Steinbach am Attersee (Österreich) – Fünf Tage nach dem Absturz eines Kleinflugzeuges mit zwei Deutschen an Bord wurde am Montag das Wrack geborgen. Die Maschine lag in 160 Metern Tiefe im Attersee in Österreich. Die Toten saßen noch im Wrack.
Das Kleinflugzeug war am Donnerstag zu einem Übungsflug in Salzburg gestartet. An Bord waren ein Fluglehrer (24) und eine 19-jährige Flugschülerin. Bei beiden handelt es sich um deutsche Staatsangehörige. Augenzeugen beobachteten, dass die Maschine plötzlich ins Trudeln geriet und in den Attersee bei Steinbach (Österreich) stürzte.
Aufwendige Bergung aus 160 Metern Tiefe
Nach dem Flugzeugabsturz in den See wurde mit Sonargeräten, Tauchern und Tauchrobotern nach dem Wrack gesucht. Schließlich wurde es an der tiefsten Stelle des Gewässers in 160 Metern geortet. Die Bergung erwies sich als technisch sehr aufwendig.

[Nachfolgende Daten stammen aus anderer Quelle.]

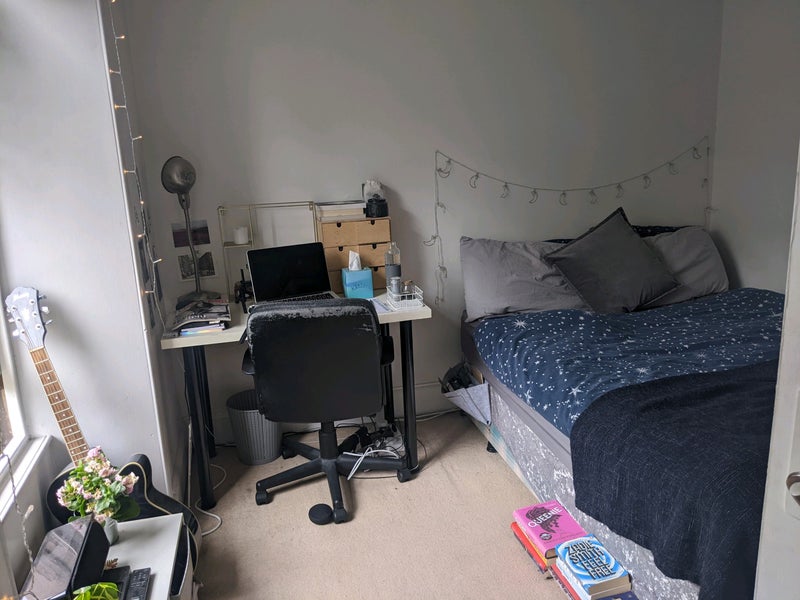 The room is small, sunny and has a dresser and a desk. There's one shared bathroom, a kitchen and a large living room, as well as a residents' garden at the front. The bathroom was fully refurbished in 2023 so is a bit nicer than the one in the pictures!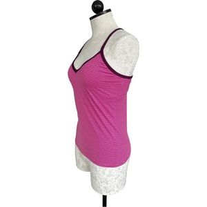 Carve Designs Catalina Striped Tankini Swim Top Pink Plum Shelf Bra Size Medium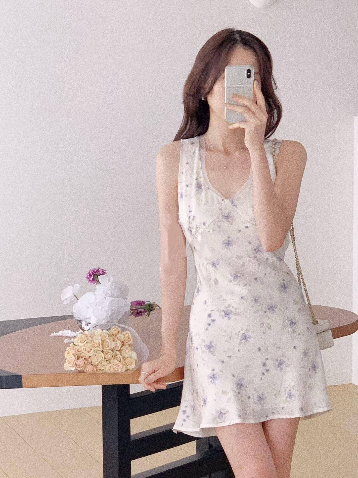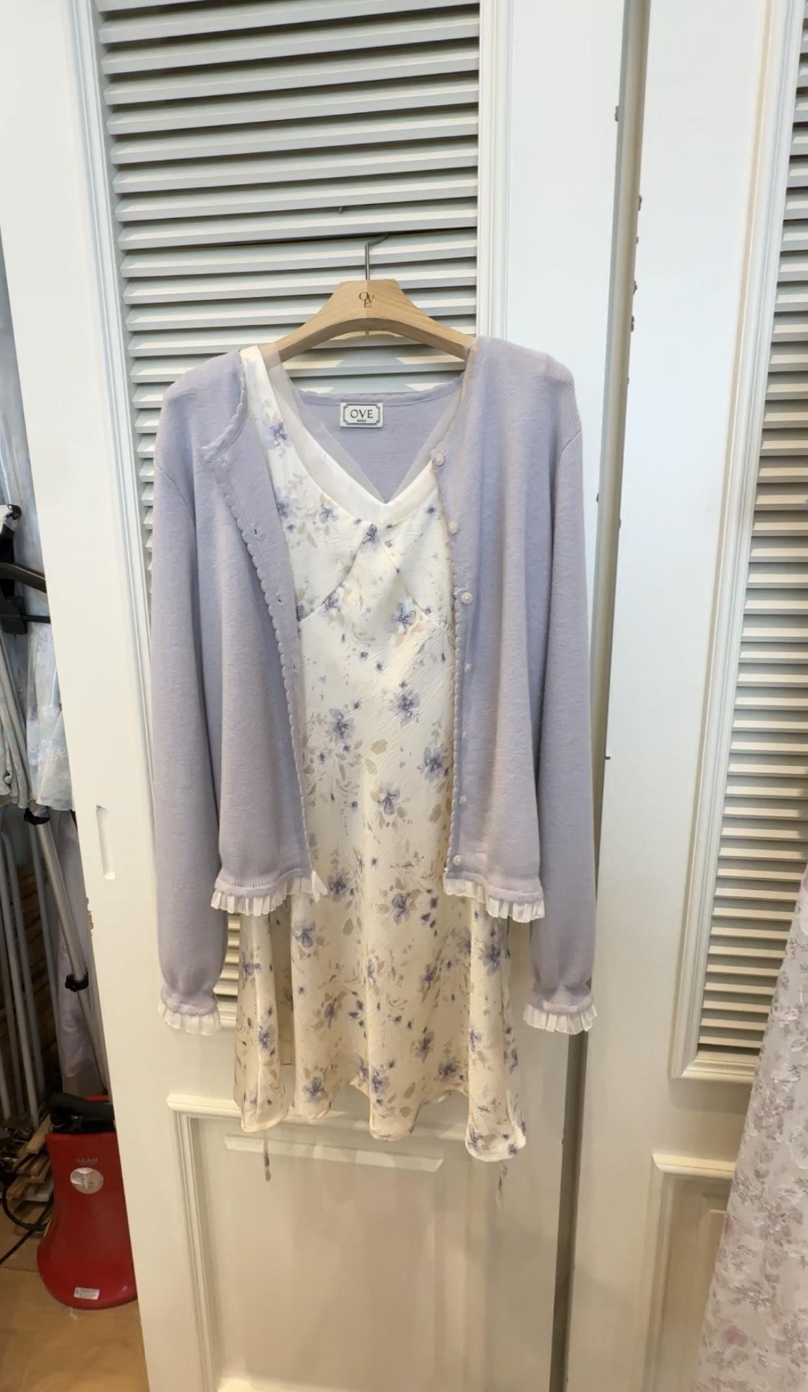 外面搭一件淡紫針織小外套

Zunächst war versucht worden, mit Unterwasserrobotern Seile um das Wrack zu legen. Das misslang aber aufgrund der schlechten Sicht über die Kontrollmonitore, so der ORF. Am Montag gelang es dann Spezialtauchern, die 160 Meter bis zum Wrack hinabzutauchen und Bergungsseile anzubringen. Am Nachmittag gegen 14 Uhr wurde das Flugzeug geborgen und an Land gebracht.
Traurige Gewissheit: Die Insassen saßen noch in den Pilotensitzen. Die Leichen sollen jetzt von der Rechtsmedizin formell identifiziert werden. Die Ursache für den tödlichen Unfall ist weiterhin unklar.